Wolfgang Denk wrote:
Dear Jerry Van Baren,
In message 49E335BB.4050609@ge.com you wrote:
- it works only on NOR flash, not on any media that can be accessed only in blocks
Not true: the offset merely needs to be aligned to the next block in that case: <next><crc><env><NUL>FFFFFFFFFFFF <next><crc><env><NUL>[undefined] ^^^^ offset of ------------------> ^^^^ 0xFFFFFFFF
All flash that I can recall seeing allows at least a limited number of rewrites to a block (the limited number getting smaller on successive generations), so two writes to the env start block (once to write the new env, a second time to rewrite the 0xFFFFFFFF to point to the superceeding env).
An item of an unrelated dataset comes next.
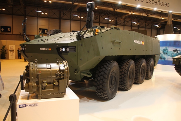 En este punto la empresa pone también el acento en la garantía que ofrecería durante el largo ciclo de vida técnico. En este sentido los responsables de la firma nos recuerdan que en los últimos sesenta años han producido, intervenido y/o modernizado, la mayoría de los vehículos blindados con los que ha contado el ET. Así mismo, en el stand de GDSBS se presentaban las transmisiones de la empresa SAPA-Placencia, que diseñó el modelo SG850 que se instala en los Vehículos de Combate e Infantería (VCI) Pizarro de la 2ª fase, otro de los proyectos del ET en marcha, cuya responsabilidad asumió Santa Bárbara Sistemas. (Julio Maíz)

If the flash didn't support two writes, that would be a show-stopper. Due to how people use flash, I don't think the number will ever go to one write (IIRC, 4 is typical of current generation NAND).
So what do we save, then? Instead of a single write we now need actually two...
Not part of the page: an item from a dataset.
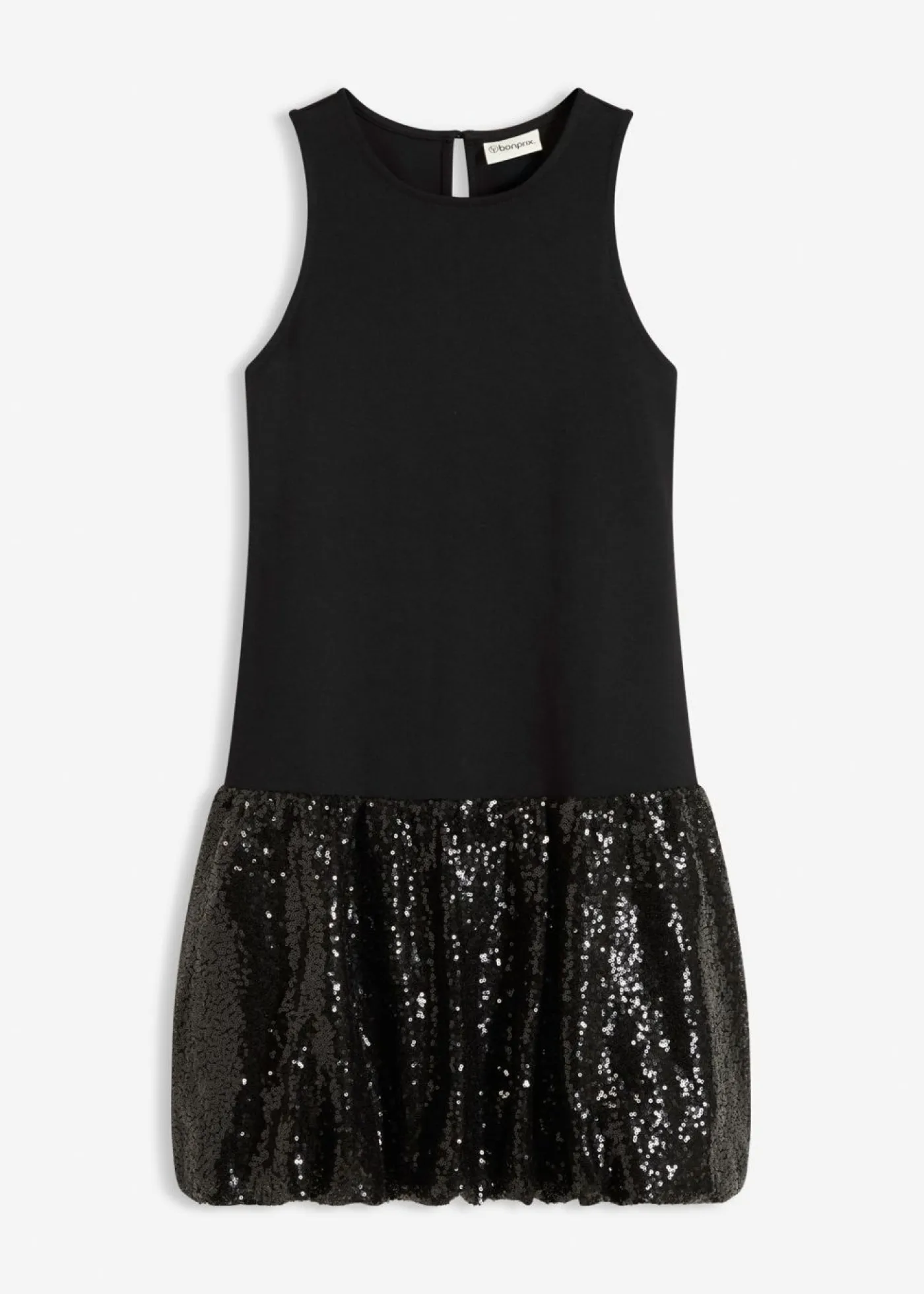 Vestido corto de cómodo Punto di Roma con falda globo de lentejuelas.

Well, I have a (NOR) flash with a 128Kbyte sector size. If my env is ~2K, I can do ~64 updates before I would need to erase the sector and start over.
From a practical point of view, that probably isn't a big deal. From a "bugs me" POV, it bugs me that I'm "wasting" 126K of that sector. :-P
IIRC, redundant env lumps take two sectors so the redundant env isn't erased (need to check the code). Depending on your acceptable risk tolerance, the "redundant" env lump would simply be lump(n-1).